Advancing AI Trustworthiness Through Patient Simulation: Risk Assessment of Conversational Agents for Antidepressant Selection

arXiv cs.CL / 3/30/2026

💬 OpinionIdeas & Deep AnalysisModels & Research

共有:

Key Points

The paper proposes a patient simulator that generates realistic, controllable healthcare conversations to evaluate conversational agents at scale for risk assessment across populations.
The simulator is built around NIST AI Risk Management Framework concepts and combines medical profiles from All of Us EHR data, linguistic profiles tied to health literacy, and behavioral profiles (cooperative, distracted, adversarial).
In 500 simulations assessing an AI decision aid for antidepressant selection, performance degraded monotonically as health literacy decreased, with concept retrieval varying from 47.6% (limited) to 81.9% (proficient).
Medical concept fidelity was high (96.6%) with strong human and LLM-judge agreement (kappa values of 0.73 and 0.78), while behavioral profile classification was also reliable (0.93 kappa) and linguistic profile agreement was moderate (0.61 kappa).
The study concludes that health literacy is a primary, measurable risk factor for conversational healthcare AI, implying the need for more equitable deployment and evaluation practices.

Abstract

Objective: This paper introduces a patient simulator for scalable, automated evaluation of healthcare conversational agents, generating realistic, controllable interactions that systematically vary across medical, linguistic, and behavioral dimensions to support risk assessment across populations.

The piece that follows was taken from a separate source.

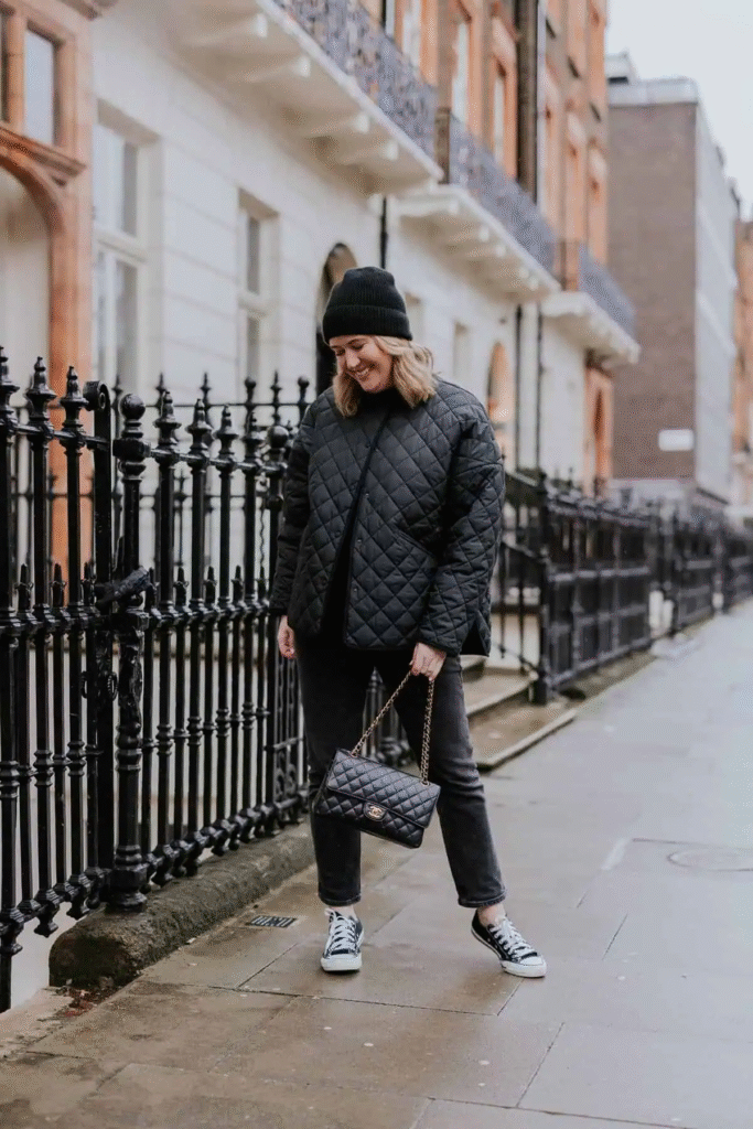 This look uses a quilted jacket to add texture and depth, grounded by dark jeans and monochrome sneakers. Finishing touches like a designer bag and beanie make it a fashion-forward outfit that’s still suited for long autumn days in the city.

Methods: Grounded in the NIST AI Risk Management Framework, the simulator integrates three profile components: (1) medical profiles constructed from All of Us electronic health records using risk-ratio gating; (2) linguistic profiles modeling health literacy and condition-specific communication; and (3) behavioral profiles representing cooperative, distracted, and adversarial engagement. Profiles were evaluated against NIST AI RMF trustworthiness requirements and assessed against an AI Decision Aid for antidepressant selection. Results: Across 500 simulated conversations, the simulator revealed monotonic degradation in AI Decision Aid performance across health literacy levels: Rank-1 concept retrieval ranged from 47.6% (limited) to 81.9% (proficient), with corresponding recommendation degradation. Medical concept fidelity was high (96.6% across 8,210 concepts), validated by human annotators (0.73 kappa) and an LLM judge with comparable agreement (0.78 kappa). Behavioral profiles were reliably distinguished (0.93 kappa), and linguistic profiles showed moderate agreement (0.61 kappa). Conclusions: The simulator exposes measurable performance risks in conversational healthcare AI. Health literacy emerged as a primary risk factor with direct implications for equitable AI deployment.